I wrinkle my brow. "I don't think so, actually. Not since Stefan killed Andie, which he was surprisingly upset about considering he compelled her."

"Did he compel her to let him bite her, or did he compel her to be his girlfriend?" Bonnie asks.

"Good point. I'm really not sure. Now that I think about it, I think Damon would be insulted to think he had to compel a girl to date him."

"He did with Caroline."

"Yeah, but he just did that to stay close to me, to spy on the girl that was dating his brother. That was a long time ago."

Bonnie shrugs. "Anyway, the point is, do you love Damon?"
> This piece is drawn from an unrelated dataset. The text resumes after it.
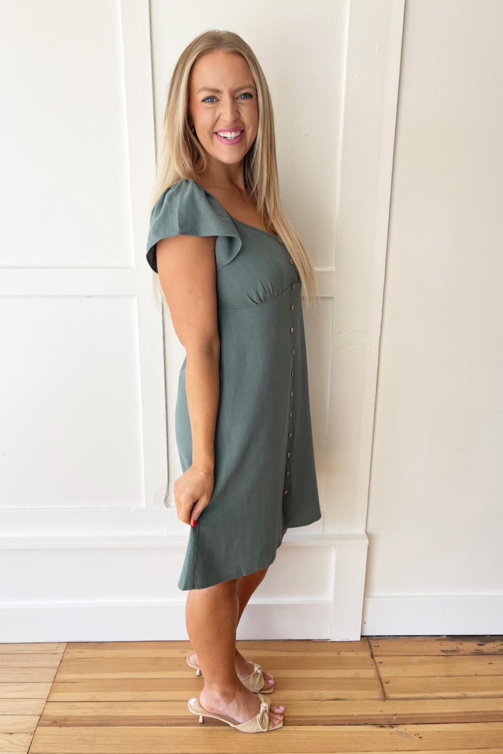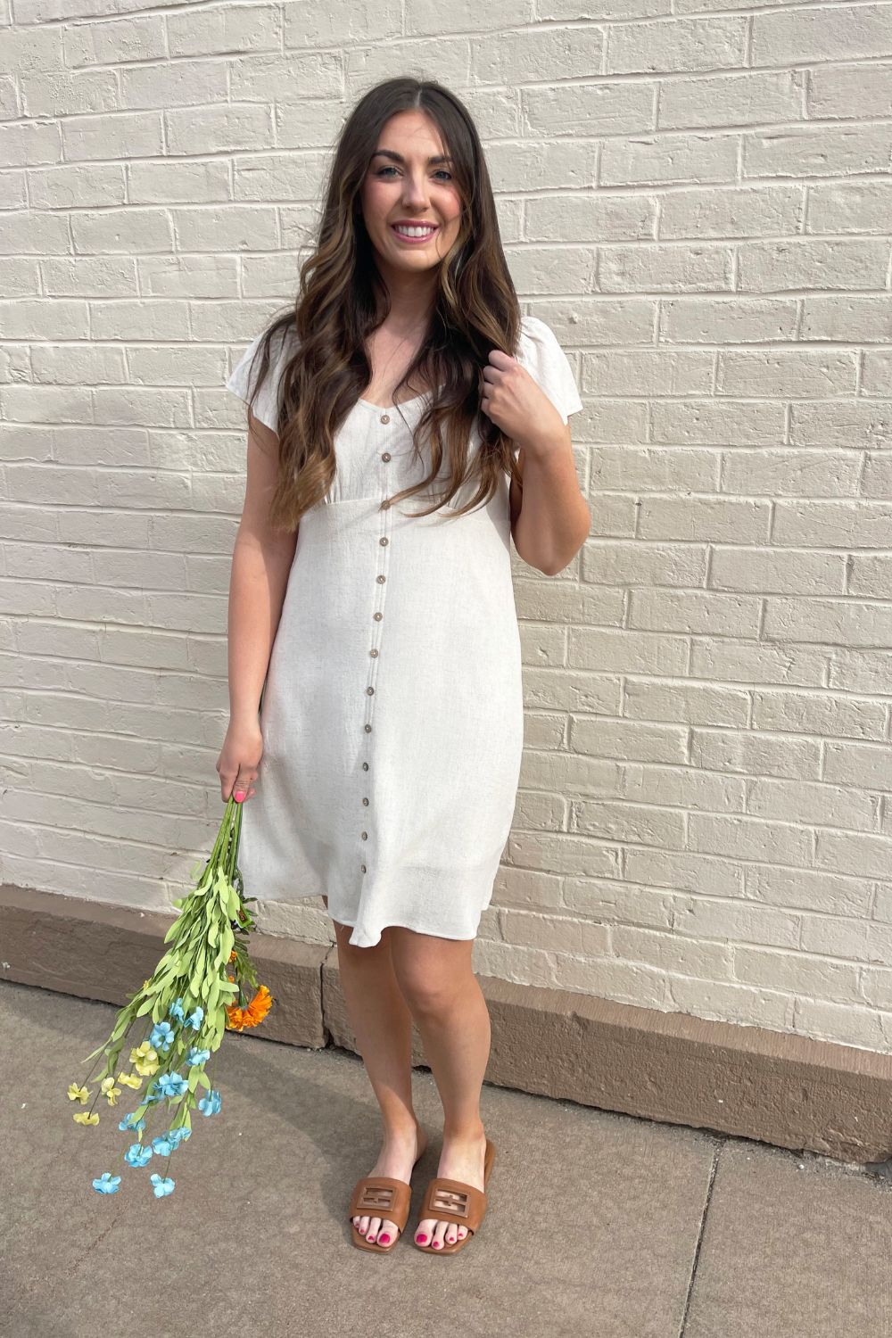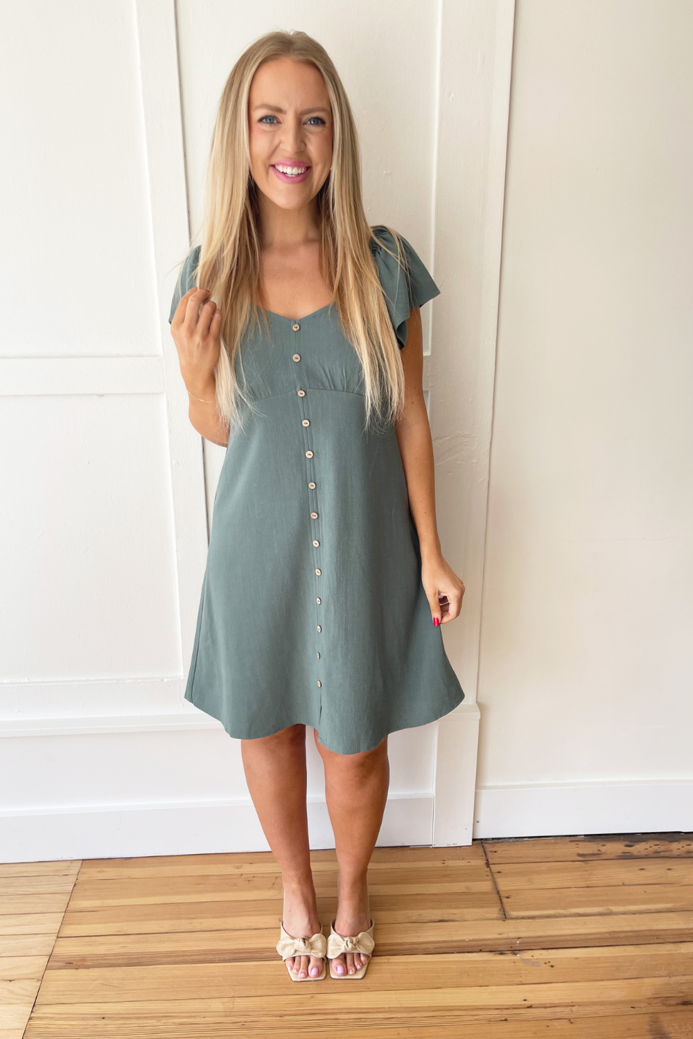 The Flutter Sleeve Square Neck Button Down Dress is must have for your closet. This mini length dress has a square neck, button front, and it is lined. The flutter sleeves add a playful touch to this classic linen dress. Add sandals for a great warm weather look.

I shiver. "Honestly, Bonnie. I don't know. All I know is that he affects me. I can't be indifferent to him and I am afraid I can't stay away from him."

I pause and try to identify what is yanking at my guts instead of running from it.

"I'm scared," I whisper, and look up at Bonnie. "I'm scared to death of him, of giving into that feeling. I thought I didn't want to touch him because it was wrong and I wouldn't be able to stop if I did."

She raises an eyebrow at me. "Guess you were right about that one."

"I was, yeah, but giving in to touching him didn't make me less scared. The possibility of Damon-," I shake my head. "I'm more scared of him than of Klaus and I really can't tell you why or what that means."

Bonnie crosses her arms. "I know why. But I don't think you are ready to hear the answer yet."

She rises and hugs me hard, not letting me go for a long time. "I don't envy you, Elena. I know I should. Two super hot, complex guys fighting over you, both of them very good in some ways and very bad in others. They both adore you and I know you love them both, however you want to categorize it. They are kind of your family now."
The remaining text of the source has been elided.